As Hurricane Irma battered Florida on Sunday, the cream of the insurance world — gathered under the Mediterranean sun in Monte Carlo — was assessing the costs of the storm for the global industry.
The takeaway so far: Irma and its predecessor Hurricane Harvey, which caused massive flooding in Texas two weeks ago, are likely to take a toll on profits in a sector struggling with thin margins, stiff competition and falling prices.
But at this early stage, the damages are not expected to be so excessive that they hit insurers’ capital base in a way that would lift slumping insurance prices or hurt their credit ratings.
Irma is a “major event for Florida and also a major event for the insurance industry,” Torsten Jeworrek, member of the board of the German reinsurance giant Munich Re, told journalists.
Along with some 2,500 insurance executives, he is in Monaco for an annual conclave to haggle over reinsurance prices and strike underwriting deals.

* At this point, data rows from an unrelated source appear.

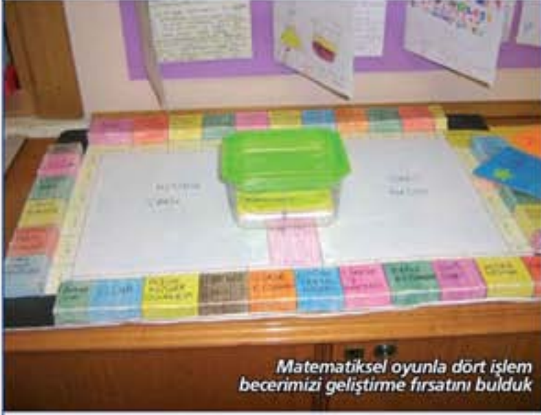
Matematiksel oyunla dört işlem becerimizi geliştirme fırsatını bulduk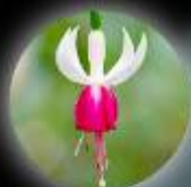
エンジェルス・イヤリング ®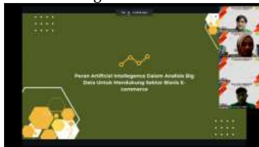
Gambar 3. Sesi 1

Dilanjutkan dengan pelaksanaan kegiatan seperti ditunjukkan pada Gambar 2. Pelaksanaan kegiatan diawali dengan dimulainya sesi 1 dan dibawakan oleh pemateri 1 yaitu Fikram Althaf Muyassar yang membahas mengenai Peran Artificial Intelligence Dalam Analisis Big Data Untuk Mendukung Sektor Bisnis E-commerce.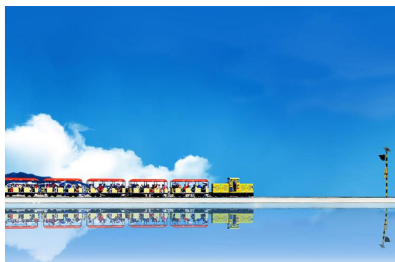
Slika 17. Slano jezero Chaka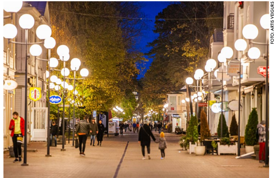
Jauns, ekonomisks apgaismojums izbūvēts Jomas ielā, saglabājot tai raksturīgos apaļā dizaina gaismekļus.

Interreg Baltic Sea Region EUROPEAN UNION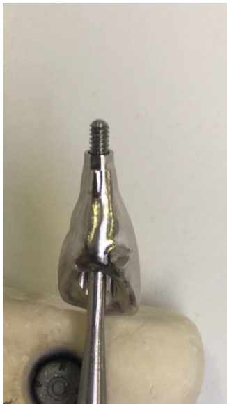
imagen 3: resultado hta 33.690.754.01-2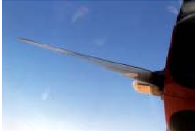
Der 2000 PS starke Stermotor gab den Geist auf.....!

Midland. Zu Beginn der Oelförderung soll dies eine der reichsten Gegenden gewesen sein.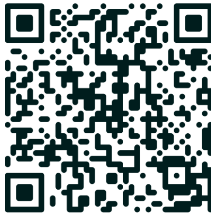
Doc 3. La capture des esclaves. Extrait du film AMISTAD

4 fusils boucaniers Ou 30 bassins de cuivres Ou 9 onces de gros corail Ou une caisse de tambour Ou 100 livres de cire jaune Ou 100 pintes d'eau de vie Ou 4 écharpes de soie Ou 30 barres de fer (...) Ou 4 pièces e toiles indiennes (...) D'après Savary des Bruslons, Dictionnaire du commerce, 1723.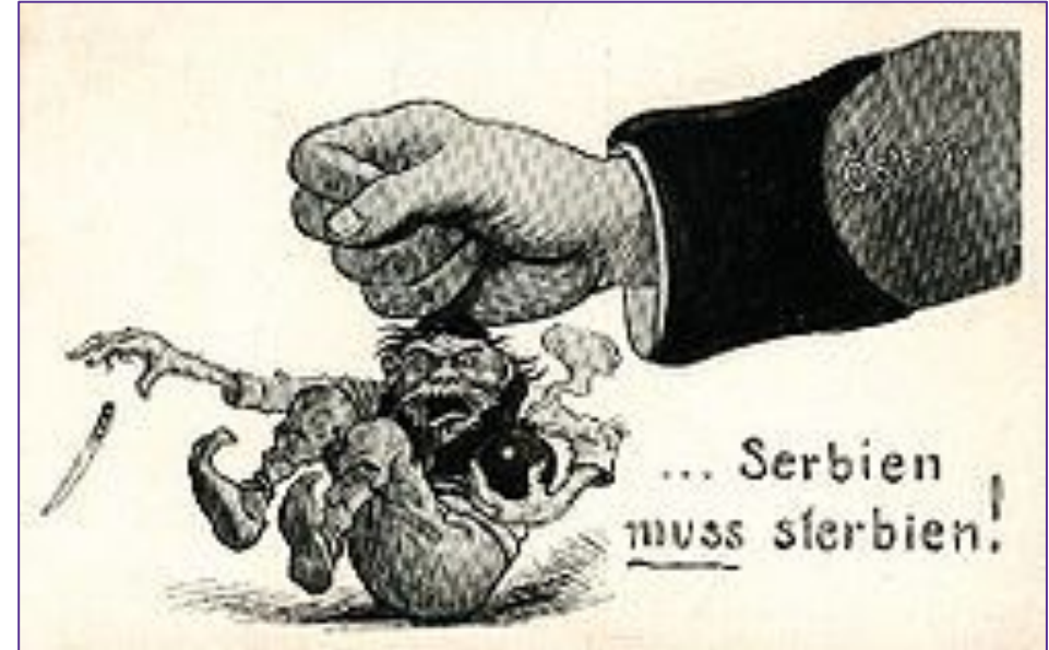
Австрийская карикатура «Сербия должна погибнуть»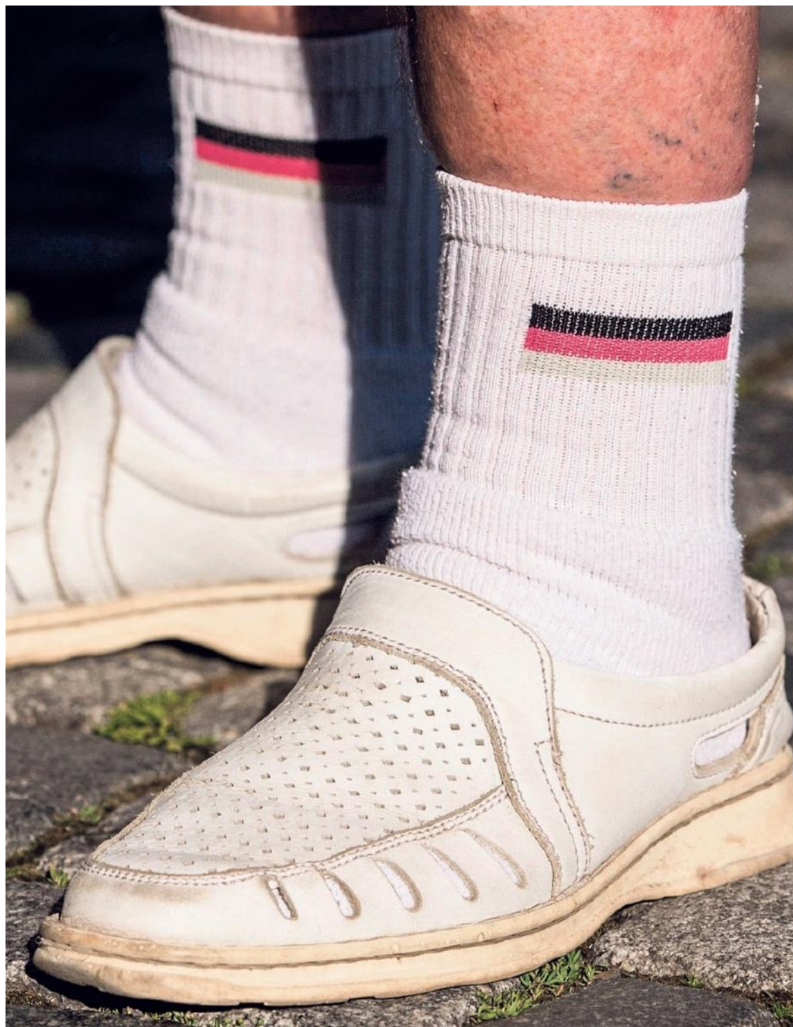
Sokken van een Pegida-aanhanger bij een demonstratie. Volgens het IMF belemmert populisme de economische groei.

De onrust rond Deutsche Bank vorige week, de bank die eerder door het IMF al werd getypeerd als een 'risico voor het financiële systeem', komt volgens de onderzoekers niet zozeer door de miljardenboete van het Amerikaanse ministerie van Justitie die de bank boven het hoofd hangt. Dattels zei dat onvoldoende winstgevendheid de onderliggende oorzaak is, en verwees naar het feit dat de banksector in zijn geheel op de beurzen minder waard is dan de boekwaarde. „Beleggers verleggen hun aandacht van de solvabiliteit van banken naar de winstgevendheid van banken in de toekomst.” Amerikaanse banken hebben nog steeds veel meer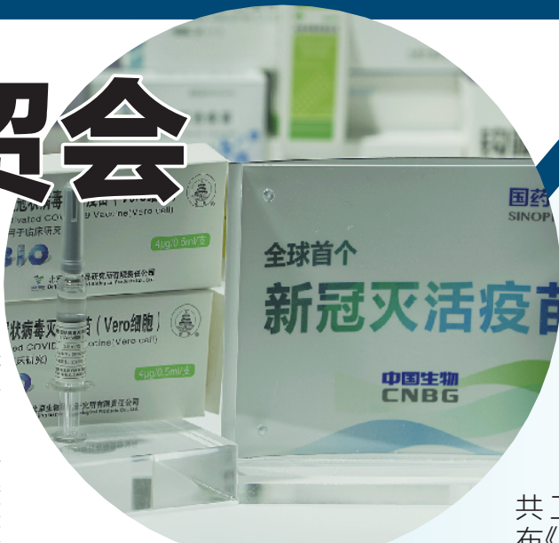
新冠灭活疫苗首次亮相

据介绍,疫苗将会是两剂免疫,间隔2周-4周。那么疫苗需要全人群接种吗?中国生物和科兴均表示,不管任何时候,疫苗接种都应该是知情和自愿的。不过,目前秋冬季来临,会和流感季节重叠,所以有关部门可能会考虑肺炎类、流感类的疫苗优先接种,预防流感类疾病对于医疗资源的挤兑。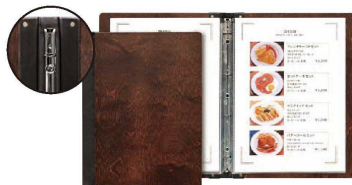
⑩ シンビ木製メニューブック スリム-B・SHO-101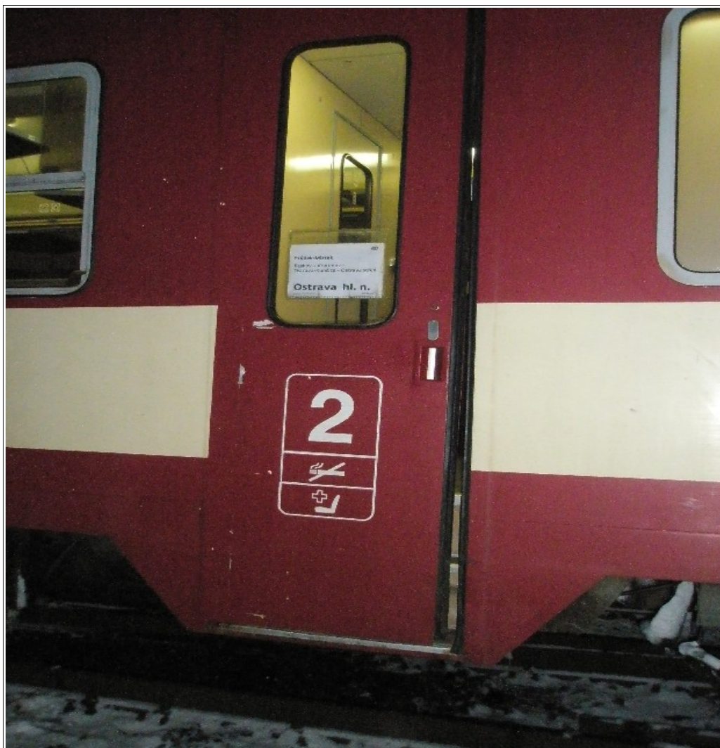
Foto č. 2 – Pohled na pravé přední jednokřídlové nástupní dveře – stav po MU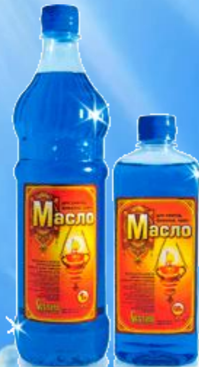
Парафиновое масло для лампад и факелов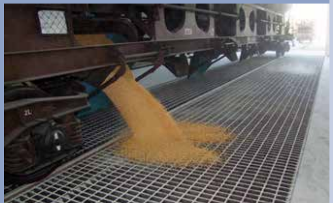
■ Fase di scarico vagoni su tramoggia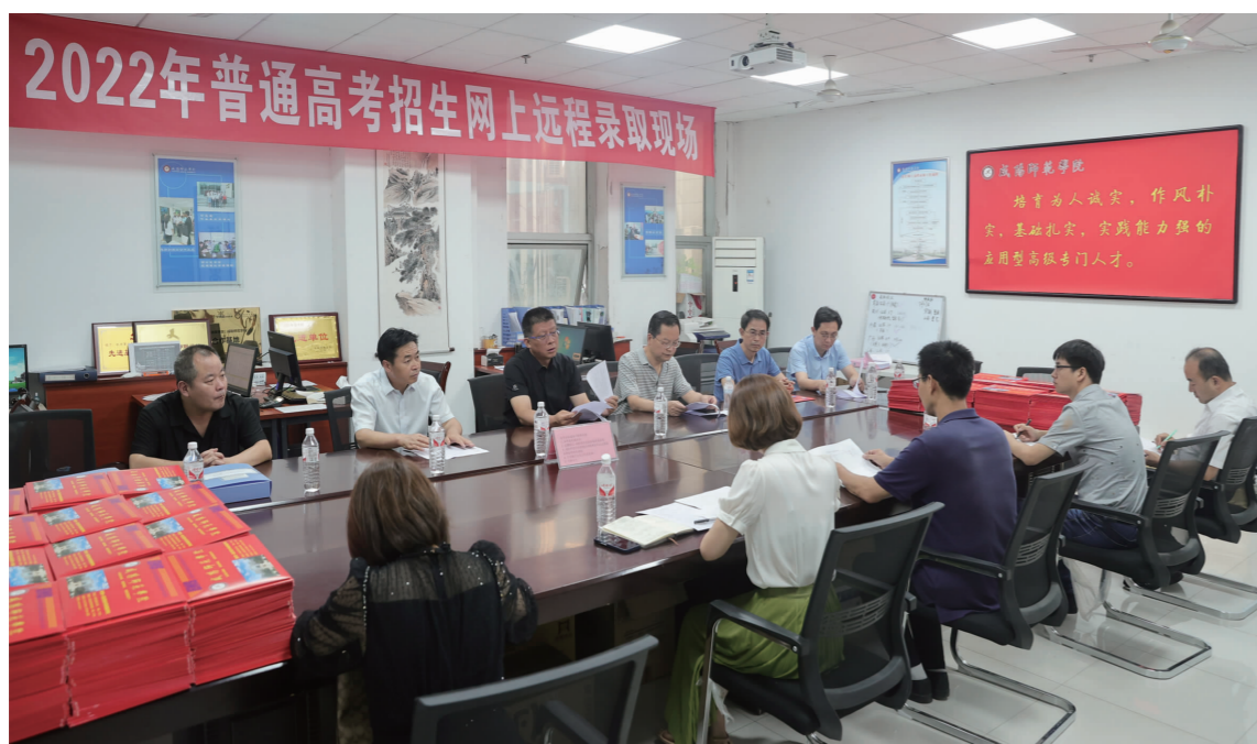
校领导慰问暑期坚守一线教职员工作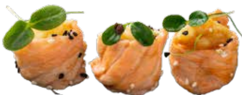
184 · SAKE IMOYAKI | € 7,00 Salmone arrotolato con sesamo, purea di patate e salsa imoyaki allergeni: 1-3-4-6-7-11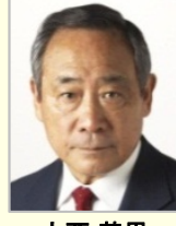
大西 英男 衆議院議員(東京都)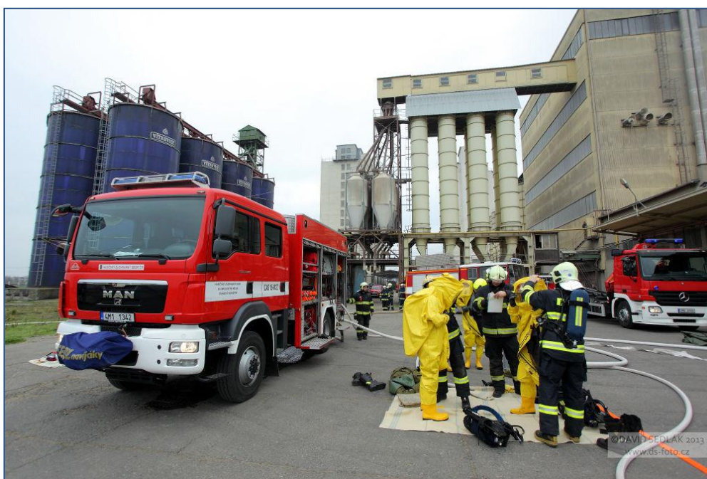
Cvičení složek integrovaného záchranného systému v areálu firmy MJM Litovel a.s. ve Šternberku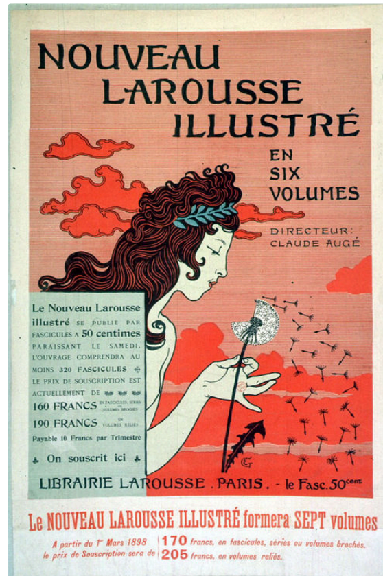
Des nouvelles de Claude Augé : la semeuse nue dite la scandaleuse

Tout le monde connaît la Semeuse, emblème des éditions Larousse, cette jeune femme soufflant sur un pissenlit, qui répand ses graines comme les dictionnaires répandent leur savoir à travers le monde.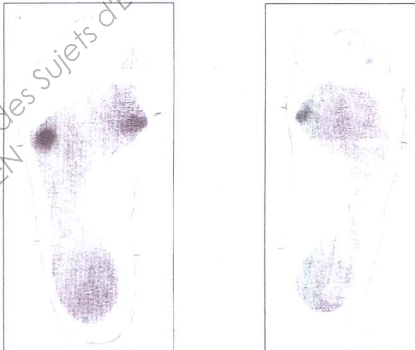
Empreintes de la patiente

The meeting typically occurs at the height of the Atlantic hurricane season, but not since Hurricane Katrina in 2005 have catastrophes weighed so heavily.
The industry is only slowly coming to grips with Harvey’s likely costs.
Munich Re’s Jeworrek said the loss assessment was “complex” and that it would “take a long time for the necessary estimates, leaving high uncertainty in the market.”
He estimated that insured losses for the global industry would total between $20 billion and $30 billion, which would put the storm on a similar scale to Hurricane Sandy, whose storm surge caused flooding in New York in 2012.
For Irma, which hit Florida early on Sunday after ravaging the Caribbean, the loss estimates are more severe.
AIR Worldwide forecasted total insured losses of between $20 billion and $65 billion. The firm’s president Bill Churney said he would publish an updated forecast on Monday.
All combined, the storms are likely to “translate into an underwriting loss for the year,” said Robert DeRose, senior director at the insurance ratings agency A.M. Best.
His firm estimated that $75 billion in insured losses would result in an average industry-wide combined ratio, a closely-watched measure of expenses to premium income, of 106 percent compared with 95 percent in 2016. Ratios greater than 100 point to losses.
The big question for the industry has been whether reinsurers will see such high losses that they can then demand higher prices for their coverage. That would be the first major reversal since Katrina, the costliest natural disaster in U.S. history with insured losses of around $80 billion.
The verdict so far among analysts is that profit will take a hit, but the dynamics of capital and pricing will not.
“We don’t see this as a market-turning event,” said Brian Schneider of Fitch Ratings. “Pricing is not likely to respond.”
Irma’s timing is giving attendees plenty to talk about and in some cases disrupting their own travel plans.
Reinsurance broker AON Benfield told some staff who had planned to travel to Monte Carlo to instead remain to deal with Florida claims, Chief Executive Officer Eric Andersen said.
With Monte Carlo’s yacht-filled harbor and billboards advertising private jets offering a contrast to the destruction wrought in Texas and the Caribbean, one journalist asked whether insurers might move their annual meeting to a more modest venue.
Monte Carlo is “the place to be at the end of the day,” said Munich Re’s Jeworrek. “The industry wouldn’t move to another location to get rid of the reputational damage to its image.”